═════ Dataset excerpts ═════

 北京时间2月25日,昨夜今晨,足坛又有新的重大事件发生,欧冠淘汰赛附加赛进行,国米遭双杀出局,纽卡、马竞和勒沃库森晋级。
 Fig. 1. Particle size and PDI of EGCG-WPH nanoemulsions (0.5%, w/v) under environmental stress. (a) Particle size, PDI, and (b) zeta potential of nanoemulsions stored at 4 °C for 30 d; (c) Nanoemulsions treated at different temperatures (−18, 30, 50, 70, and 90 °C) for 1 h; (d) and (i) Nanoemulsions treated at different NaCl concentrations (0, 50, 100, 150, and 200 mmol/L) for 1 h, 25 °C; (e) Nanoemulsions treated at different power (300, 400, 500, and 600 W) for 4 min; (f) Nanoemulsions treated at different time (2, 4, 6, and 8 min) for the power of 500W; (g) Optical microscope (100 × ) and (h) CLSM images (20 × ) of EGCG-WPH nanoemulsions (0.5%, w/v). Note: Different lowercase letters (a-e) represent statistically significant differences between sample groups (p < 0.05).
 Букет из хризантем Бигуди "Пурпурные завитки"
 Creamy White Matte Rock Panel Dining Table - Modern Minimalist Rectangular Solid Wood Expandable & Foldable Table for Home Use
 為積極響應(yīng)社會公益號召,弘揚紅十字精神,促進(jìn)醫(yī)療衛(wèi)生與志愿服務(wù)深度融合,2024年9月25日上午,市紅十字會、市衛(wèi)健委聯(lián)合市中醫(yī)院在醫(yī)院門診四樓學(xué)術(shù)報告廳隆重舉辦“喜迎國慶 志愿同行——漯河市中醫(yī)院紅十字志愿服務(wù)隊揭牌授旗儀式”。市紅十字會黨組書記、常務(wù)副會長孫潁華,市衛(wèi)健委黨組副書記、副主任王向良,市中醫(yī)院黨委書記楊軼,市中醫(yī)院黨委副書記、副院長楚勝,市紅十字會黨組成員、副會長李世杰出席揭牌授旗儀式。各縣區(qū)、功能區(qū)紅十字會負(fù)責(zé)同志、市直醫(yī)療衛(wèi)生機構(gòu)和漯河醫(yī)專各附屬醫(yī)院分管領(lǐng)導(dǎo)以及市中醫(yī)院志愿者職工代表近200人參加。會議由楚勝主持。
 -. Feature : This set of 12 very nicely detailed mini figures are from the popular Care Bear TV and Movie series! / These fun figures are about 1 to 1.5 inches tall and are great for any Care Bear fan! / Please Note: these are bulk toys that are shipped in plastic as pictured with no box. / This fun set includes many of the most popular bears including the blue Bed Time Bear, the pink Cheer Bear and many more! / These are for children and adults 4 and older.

═════

| Directions for this task |
Give the material again, complete and unaltered.

| Result of the exercise |
 北京时间2月25日,昨夜今晨,足坛又有新的重大事件发生,欧冠淘汰赛附加赛进行,国米遭双杀出局,纽卡、马竞和勒沃库森晋级。
 Fig. 1. Particle size and PDI of EGCG-WPH nanoemulsions (0.5%, w/v) under environmental stress. (a) Particle size, PDI, and (b) zeta potential of nanoemulsions stored at 4 °C for 30 d; (c) Nanoemulsions treated at different temperatures (−18, 30, 50, 70, and 90 °C) for 1 h; (d) and (i) Nanoemulsions treated at different NaCl concentrations (0, 50, 100, 150, and 200 mmol/L) for 1 h, 25 °C; (e) Nanoemulsions treated at different power (300, 400, 500, and 600 W) for 4 min; (f) Nanoemulsions treated at different time (2, 4, 6, and 8 min) for the power of 500W; (g) Optical microscope (100 × ) and (h) CLSM images (20 × ) of EGCG-WPH nanoemulsions (0.5%, w/v). Note: Different lowercase letters (a-e) represent statistically significant differences between sample groups (p < 0.05).
 Букет из хризантем Бигуди "Пурпурные завитки"
 Creamy White Matte Rock Panel Dining Table - Modern Minimalist Rectangular Solid Wood Expandable & Foldable Table for Home Use
 為積極響應(yīng)社會公益號召,弘揚紅十字精神,促進(jìn)醫(yī)療衛(wèi)生與志愿服務(wù)深度融合,2024年9月25日上午,市紅十字會、市衛(wèi)健委聯(lián)合市中醫(yī)院在醫(yī)院門診四樓學(xué)術(shù)報告廳隆重舉辦“喜迎國慶 志愿同行——漯河市中醫(yī)院紅十字志愿服務(wù)隊揭牌授旗儀式”。市紅十字會黨組書記、常務(wù)副會長孫潁華,市衛(wèi)健委黨組副書記、副主任王向良,市中醫(yī)院黨委書記楊軼,市中醫(yī)院黨委副書記、副院長楚勝,市紅十字會黨組成員、副會長李世杰出席揭牌授旗儀式。各縣區(qū)、功能區(qū)紅十字會負(fù)責(zé)同志、市直醫(yī)療衛(wèi)生機構(gòu)和漯河醫(yī)專各附屬醫(yī)院分管領(lǐng)導(dǎo)以及市中醫(yī)院志愿者職工代表近200人參加。會議由楚勝主持。
 -. Feature : This set of 12 very nicely detailed mini figures are from the popular Care Bear TV and Movie series! / These fun figures are about 1 to 1.5 inches tall and are great for any Care Bear fan! / Please Note: these are bulk toys that are shipped in plastic as pictured with no box. / This fun set includes many of the most popular bears including the blue Bed Time Bear, the pink Cheer Bear and many more! / These are for children and adults 4 and older.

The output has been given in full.